19th Stuttgart Filmwinter – Festival for Expanded Media
Film Video New Media Installation Performance Workshop Theory
Festival: 19.-22. January 2006 • Warm Up: 12.-17. January 2006
Exhibition: 18. January – 19. February 2006
Filmhaus (FH), Wuerttembergischer Kunstverein (WKV), Oberwelt (OW) and other locations
Mondo Cannibale
With the slightly martial sounding motto „Mondo Cannibale“ the Stuttgart Filmwinter enters the 19th round. However the Filmwinter has not transformed into a horror or zombie festival but understands the motto as a question asking what has happened to the middle between religious fundamentalism and snuff-capitalism? The very middle made out as the new social power in Western countries by the media during the New Economy boom in the 90ies. It is increasingly suggested that the presence is solely marked by conflict and fights – be it the individual fight to survive in a time of 1-Euro-jobs, globalisation and unemployment or as a stylised “clash of cultures”. The Filmwinter can certainly not give an answer to the problems of the world with its programmes and contents but in a special way takes the antagonism between the returning Social Darwinism and fundamentalism as its theme. And yet Wand 5, organizers of the Filmwinter Stuttgart, wouldn’t let anything stop them from taking a little digression into the cinematic genre of “Mondo Cannibale”. Florian Cramer, literary academic, net activist, and Exploitation film collector from Berlin will present Italian Cannibal Films of the 70s and 80s in a lecture. Katja Bienert, icon of the Mono Cannibale genre and female lead in Jess Franco’s “Mondo Cannibale 4” of 1983 will be present as Special Guest at the Filmwinter. Her career as an actress started in 1979 with the Christiane F. sexploitation “Die Schulmädchen vom Treffpunkt Zoo” (“The school girls of the meeting point Zoo”) and went from “Schloß Pompom Rouge” (“Castle Pompom Rouge”) to the TV daily soap “Gute Zeiten, schlechte Zeiten” (“Good times, bad times”). In 2002 she returned to a shoot with Jess Franco for the film “Killer Barbys vs. Dracula”.

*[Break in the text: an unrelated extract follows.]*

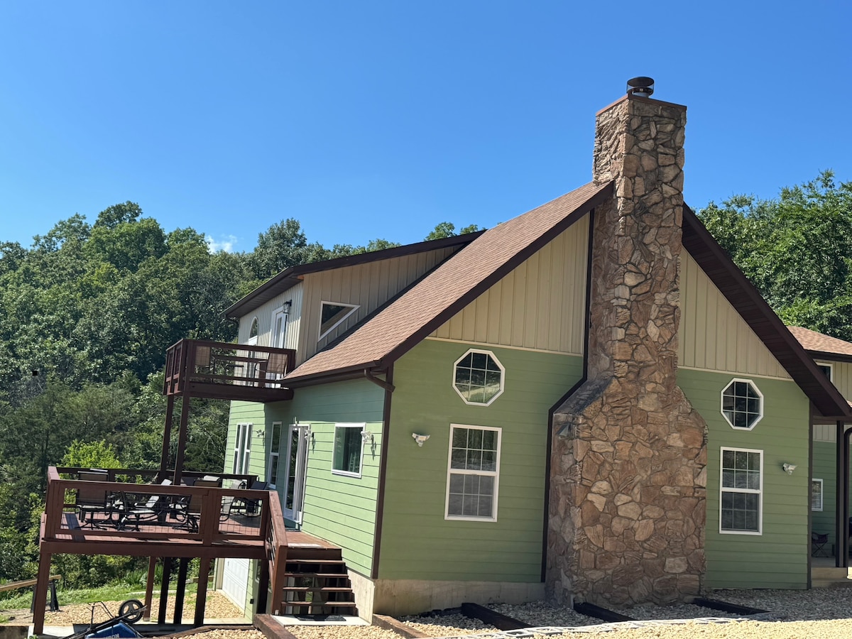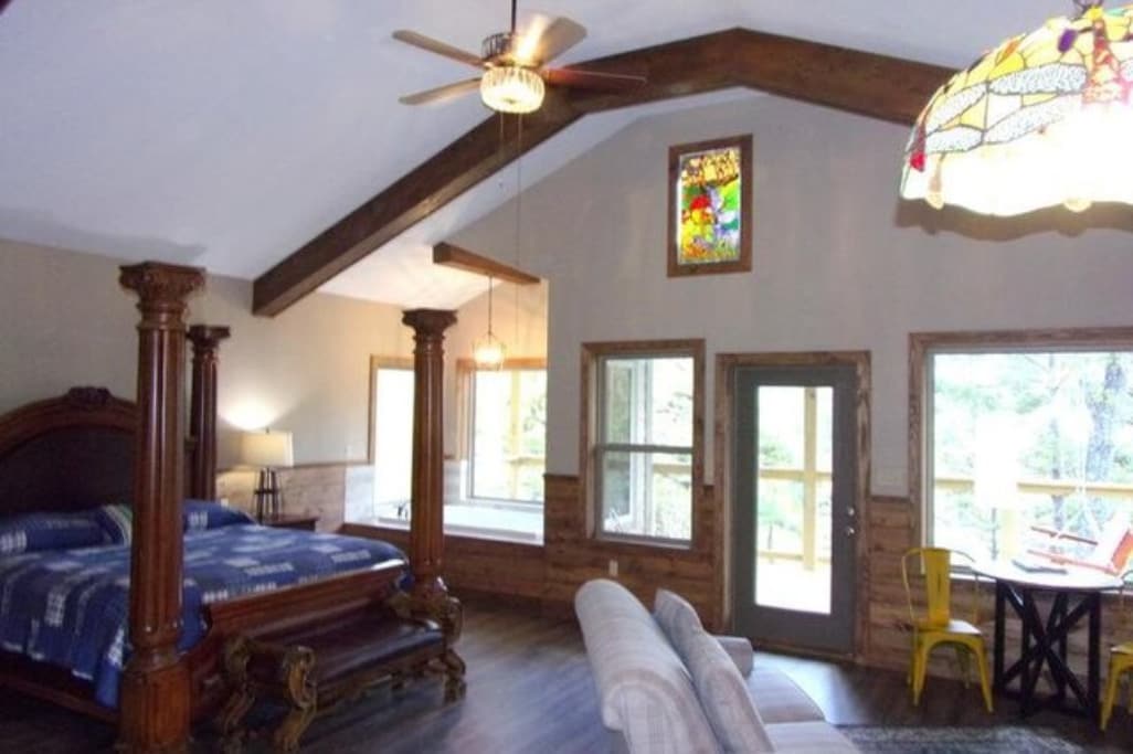 The Ozark Hideaway is on 90 wooded acres 8 mi from Gainesville, MO (home of Hootin-n-Hollerin) in Ozark County on a well-maintained gravel road. Wildlife abounds as you hike the marked trails or warm by the fire pit. The cozy living room offers a gas fireplace. Sleeping space includes a queen bed in the beautifully furnished bedroom, a couch in the living room, and a twin bed in the loft. There is a fully-equipped kitchen. The spacious bathroom has a walk-in shower & washer/dryer.

In spite of its knack for (cultural) offsides the Filmwinter continuously guarantees international film and media art: more than 1500 contributions in the areas of film and video, micro cinema, new media, installation, performance, theory, and workshop were sent in from all continents. Around 80 films and videos, 10 installations, and 20 pieces of work from the new media section (online and offline works) were chosen from all these submissions. Two international juries for film and video as well as new media and installation will give out awards totalling 12,500 Euro. An extensive supporting and music programme plus a warm up programme (11.-17. January) will add to the competition sections. The main festival locations will be the Filmhaus – for film and video shows – and the centrally situated Württembergischer Kunstverein for the exhibitions of media installations and as a media lounge where visitors can have a look at the online and offline works in a relaxed atmosphere. Further highlights will be the theme programmes “Video Art as People’s Art” and “Public Domain” as well as the works of the two British filmmakers Malcolm LeGrice, an important representative of Expanded Cinema and structural film as well as documenta participant in 1977, and Ian Helliwell, an experimental filmmaker and musician from Brighton.